Award-Winning Journal of Management Education Article on Learning-Inhibitory Introductory Textbooks
Robert A. Snyder of Northern Kentucky University recently won the first Ruane National Prize for Innovation in Business Education for his article, “Let’s Burn Them All: Reflections on the Learning-Inhibitory Nature of Introduction to Management and Introduction to Organizational Behavior Textbooks,” which was published in the October 2014 issue of Journal of Management Education. Dr. Snyder also has a forthcoming book, The Social Cognitive Neuroscience of Leading Organizational Change, which will be released on March 12, 2016 by Taylor & Francis/Routledge.

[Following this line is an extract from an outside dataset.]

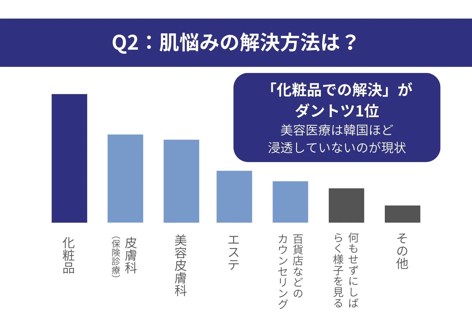 最も多い回答は「化粧品での解決」であり、他の選択肢を圧倒しています。「皮膚科」や「美容皮膚科」という選択肢も浸透しつつありますが、お隣の美容大国である韓国と比較すると、日本では医療機関を実際に選んでいる方はまだ少ないというのが実情です。
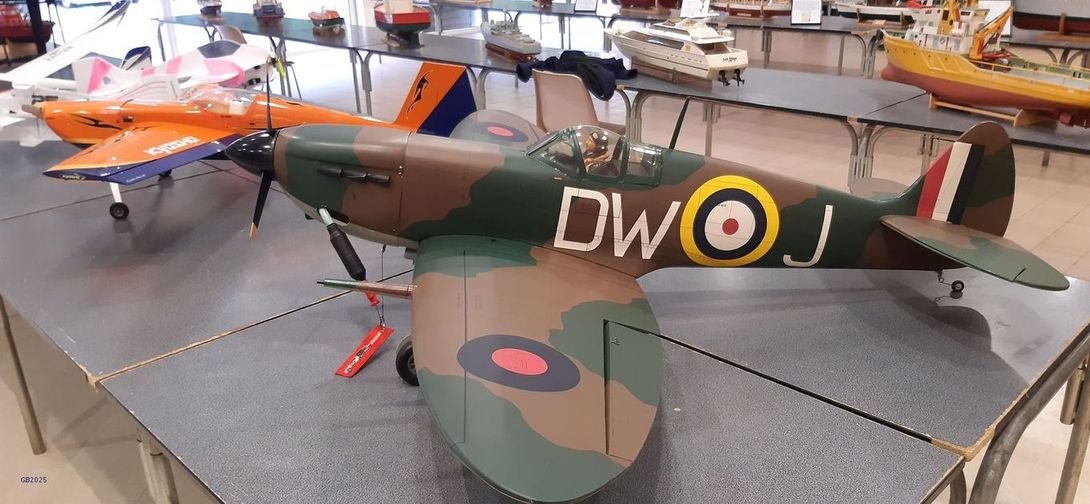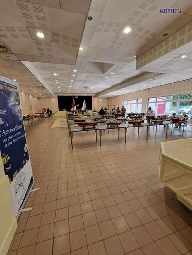 Vue d'ensemble de la salle, les avions du club, les voitures radiocommandées du club et un avion de chasse du club

The abstract for the award-winning article:
This essay provides evidence from the neurosciences that standard Introduction to Management and Introduction to Organizational Behavior textbooks may inhibit, rather than facilitate, learning of the basic concepts and the rudimentary knowledge-basis that underlie the complex skills business students should learn in subsequent coursework and that they must hone in practice as future managers. Specific introductory textbook limitations that are addressed include the following: (a) the nearly total absence of neuroscience findings that have important relevance and application to management and organizational behavior; (b) the ineffective manner in which theories are presented; (c) the use of idiosyncratic, academically derived, or simply spot-invented language; (d) the nonengaging manner in which information (generally speaking) is presented; and (e) the question of whether such textbooks are being read, much less studied. Based on my recent, joyous experience in not using such textbooks, I propose, for readers’ possible consideration, an alternative (hyperlink) practice that is (a) fully compatible with recent neuroscience research on management, learning, and information retention/retrieval and (b) likely to dramatically increase student engagement with assigned readings in Introduction to Management and Introduction to Organizational Behavior courses and their ability to retrieve content and apply it during class discussions.